La première fois que je l'ai découvert, comme je connaissais déjà un bon nombre de films de Welles qui m'avaient carrément dévissé la tête (une claque envoyée par une large paluche d'ours, ça fait très mal), celui-ci m'avait laissé un goût d'inachevé ou de tentative presque maladroite de réaliser une œuvre plus rangée, plus hollywoodienne (un peu à la Wyler). Comme si Welles avait accepté un temps de faire profil bas et un peu moins se faire remarquer, tel un élève doué mais trop turbulent qui durant un semestre se tiendrait à carreau pour ne pas se faire virer de l'école.

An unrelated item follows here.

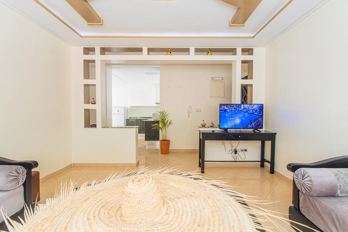 This one-bedroom apartment is perfect for solo travellers, couples, and surfers. The apartment is decorated with a minimalist style and features a spacious bedroom with a queen-size bed and ample storage space. The living room is bright and airy with 2 sofa beds, TV and kitchenette. The apartment is located in the heart of Tamraght, near "Hey Yallah Cafe" Walking distance from Devil's Rock, and a variety of shops, cafes & amenities
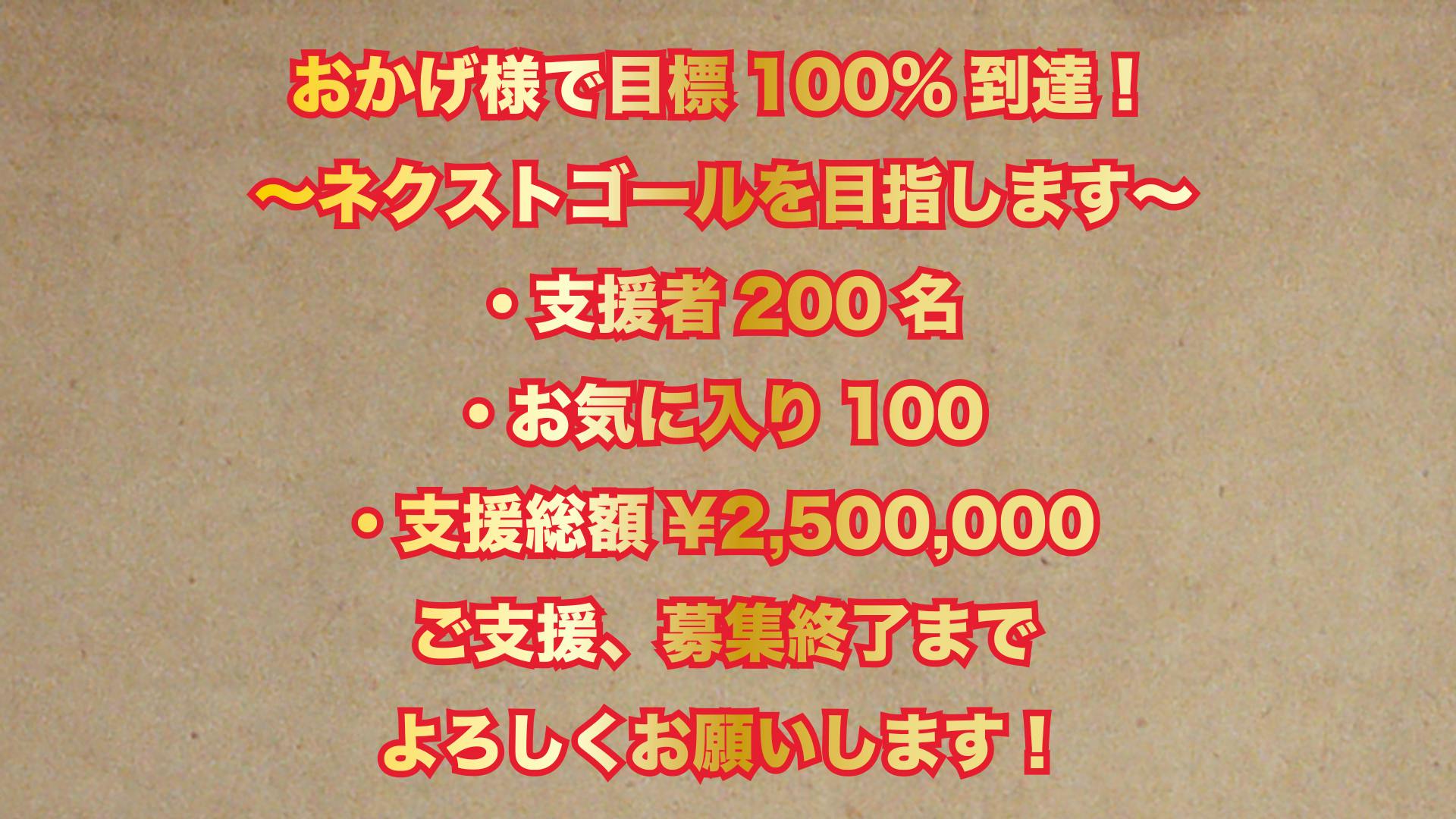 支援者200名、お気にいり100に到達出来ますよう、引き続きご支援賜りますよう何卒、よろしくお願い申し上げます!

Alors, bien sûr, il y a ses marques de fabrique : les scènes d'intérieur cadrées en contre-plongée avec plafond exagérément bas pour enchâsser les personnages-marionnettes avec une ligne de fuite illusoire (mais qu'est-ce que je suis en train d'écrire, là !? Jean Mitry, sors de ce corps !! :lol: ) et ce générique qui file la chair de poule.

Depuis, je l'ai revu 2-3 fois et tout en ne pouvant que l'apprécier modérément par rapport au transport total procuré par la plupart des autres films de Welles, il contient malgré tout une des plus bouleversantes scènes que je connaisse. Une scène toute simple en apparence, qui paraîtrait presque anodine si une autre qu'Anne Baxter l'interprétait. Quand Tim Holt lui fait ses adieux et qu'elle se contente de lui sourire. Il s'éloigne, embarrassé, ne sachant sur quel pied danser, lui qui croyait compter un peu plus à ses yeux et elle ne quitte pas ce sourire qui se veut simplement amical et gentil. Puis elle s'en retourne et peu à peu ce sourire s'éteint. Elle entre dans un drugstore et s'effondre.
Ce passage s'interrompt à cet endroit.